Antigravitas posted:

Aye, you can see the device identifying itself to the host OS, and then immediately getting a storm of resets.

If it's an old drive it may very well be horribly out of spec by drawing too much current. I remember a ton of those drives would come with a weird breakout cable to connect to two usb connections at once so they could draw more current. Mechanical drives need much more current when they are spinning up than what USB 2.0 allows them to draw.
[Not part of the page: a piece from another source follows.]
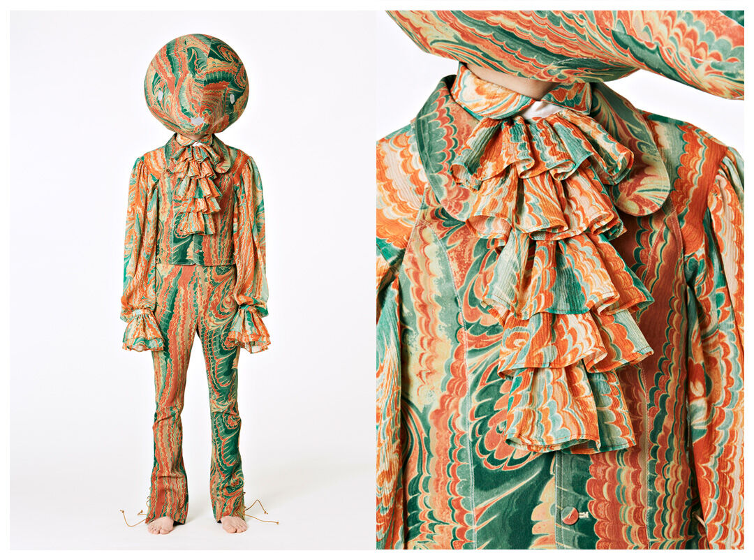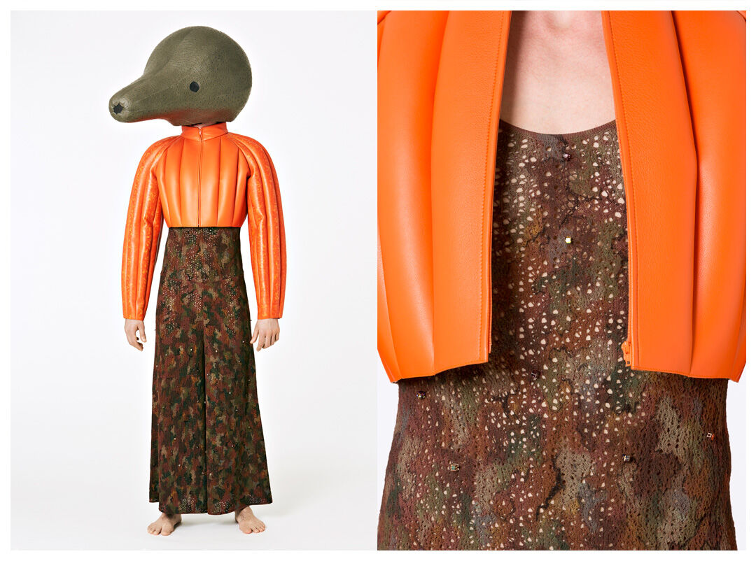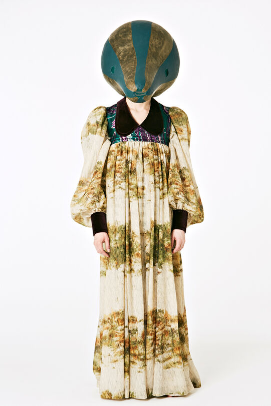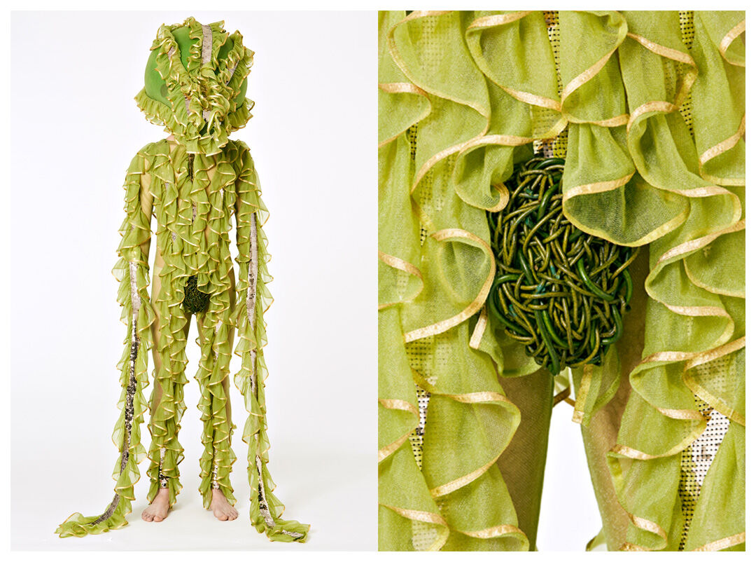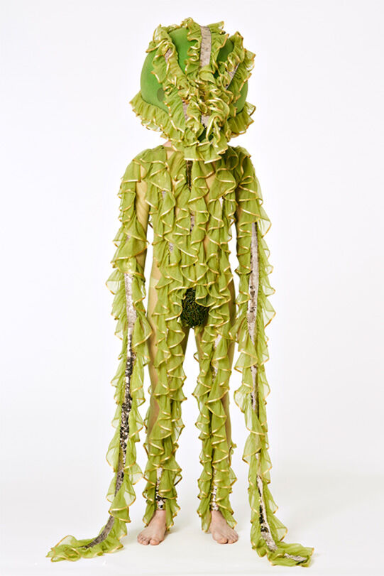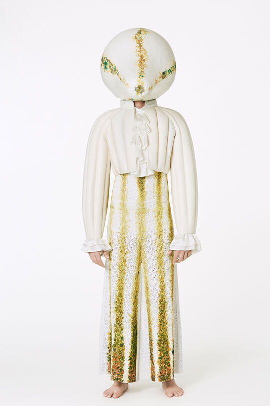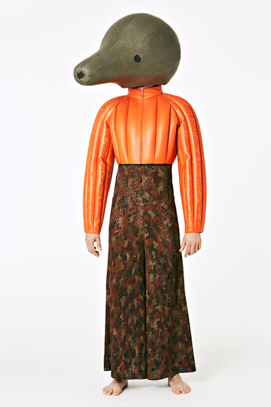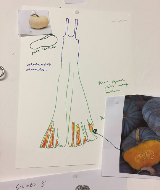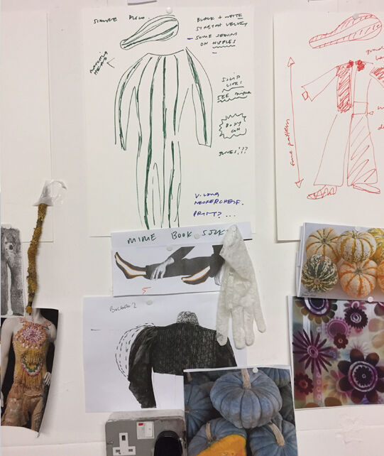 Hamilton has designed seven costumes in collaboration with LOEWE Creative Director Jonathan Anderson that incorporate the colours and shapes of varieties of squash or pumpkin. The squash inspired the organic textures of the costumes and heads, that range from hand painted leather to printed silk crepon, while 1970s clothing references shaped some of the silhouettes. Performers will select a costume each day, informing and reflecting their individual presentation of the character as they inhabit the space.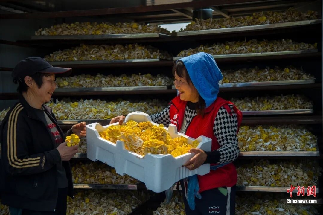 (菌菇烘干房內(nèi),菌農(nóng)正在勞作。黃松甸鎮(zhèn)供圖)

This is admittedly a shot in the dark but I have seen behaviour very much like this before. You can still try a different kernel and definitely try out a different cable, but it screams hardware to me.

Yeah, I still have some of those cables, and I think an external drive or two that require them. I swear I've seen hardware other than drives that had the power/data dual-plug thing, too, but my mind is drawing a blank on examples. Some hubs, maybe?

tjones
May 13, 2005

Mr. Crow posted:

Any recommendations for a ~1TB external drive you can plug in via usb and just use as a normal flash drive?

I bought a handful of cheap 2.5" external enclosures off amazon a long time ago and now recycle out old laptop drives by replacing the smaller capacity ones with larger capacity ones as I go. I have a stack of old drives that are wiped clean and waiting that can be swapped into an enclosure in a few seconds if I need to throw something on one and treat it like a temporary thumbdrive.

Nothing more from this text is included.